» Recorded information
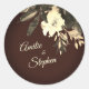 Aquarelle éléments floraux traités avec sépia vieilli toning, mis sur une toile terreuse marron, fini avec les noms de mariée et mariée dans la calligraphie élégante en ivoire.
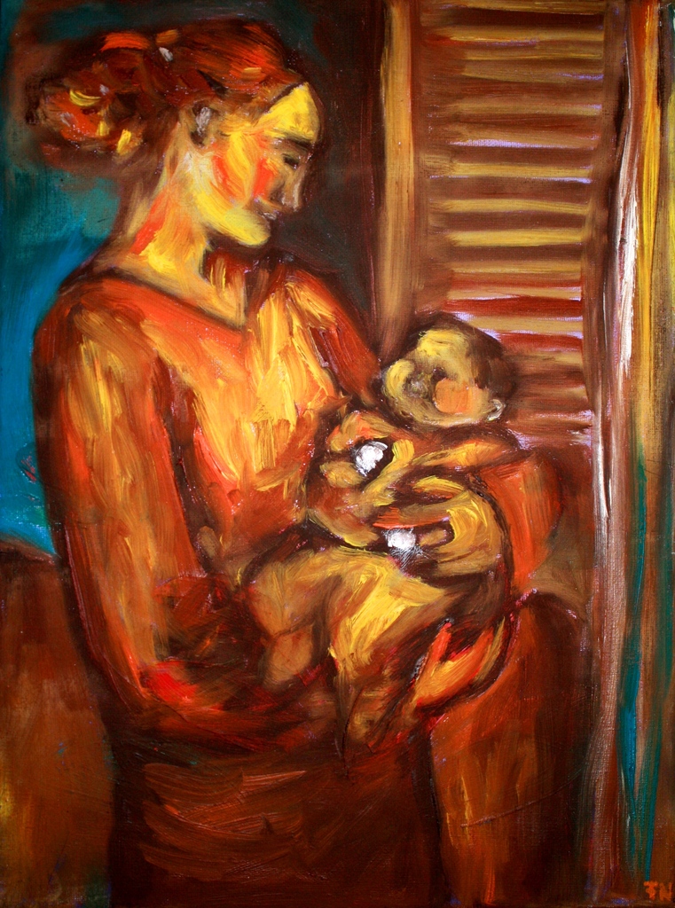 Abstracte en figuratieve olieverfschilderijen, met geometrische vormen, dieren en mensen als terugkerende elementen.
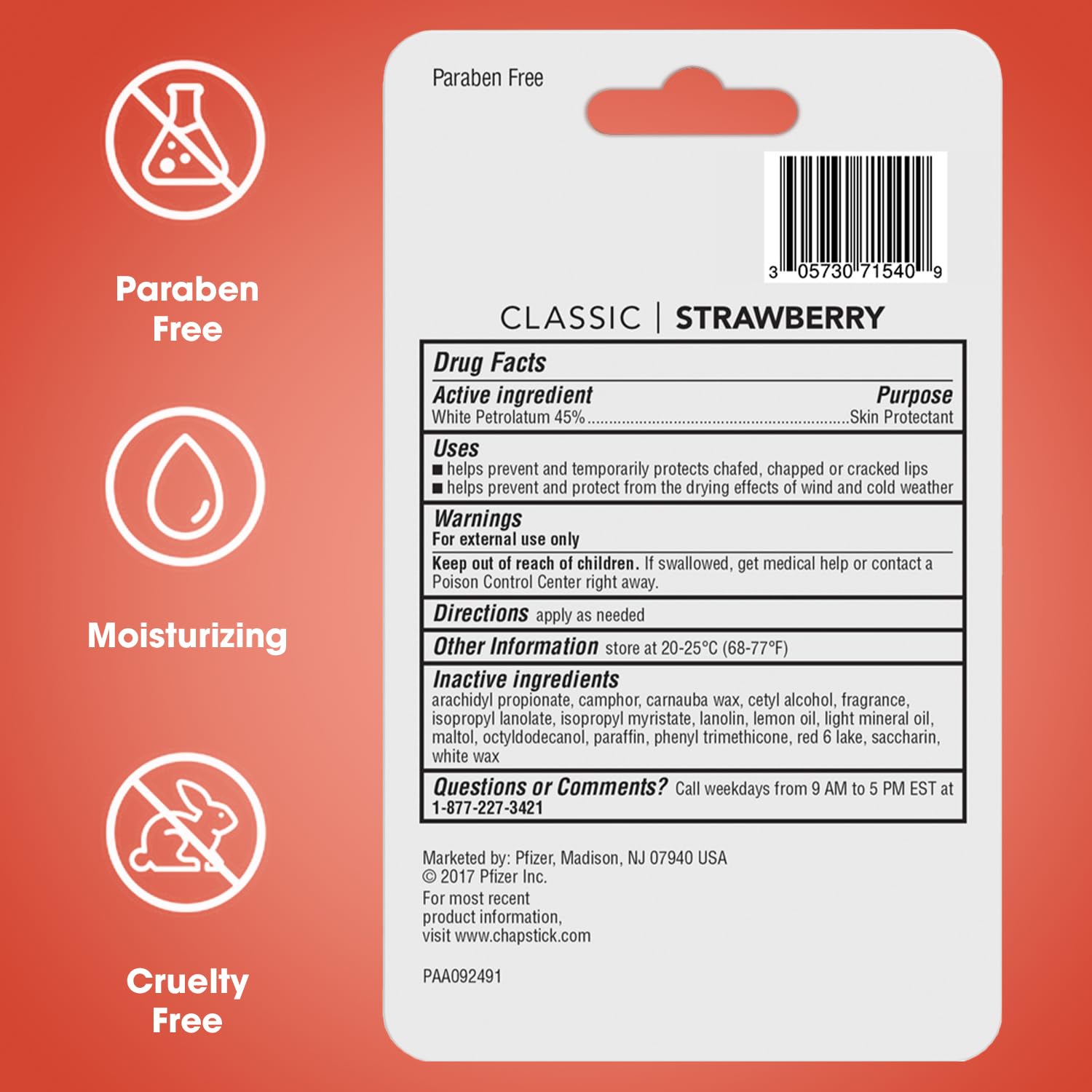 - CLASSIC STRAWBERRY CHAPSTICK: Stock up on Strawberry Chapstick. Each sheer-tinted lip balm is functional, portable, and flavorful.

» Task to complete
Repeat each line of the listing word for word, from the first through the line that contains "Abstracte en figuratieve". Any picture stays out.

» Response to this exercise
 Aquarelle éléments floraux traités avec sépia vieilli toning, mis sur une toile terreuse marron, fini avec les noms de mariée et mariée dans la calligraphie élégante en ivoire.
 Abstracte en figuratieve olieverfschilderijen, met geometrische vormen, dieren en mensen als terugkerende elementen.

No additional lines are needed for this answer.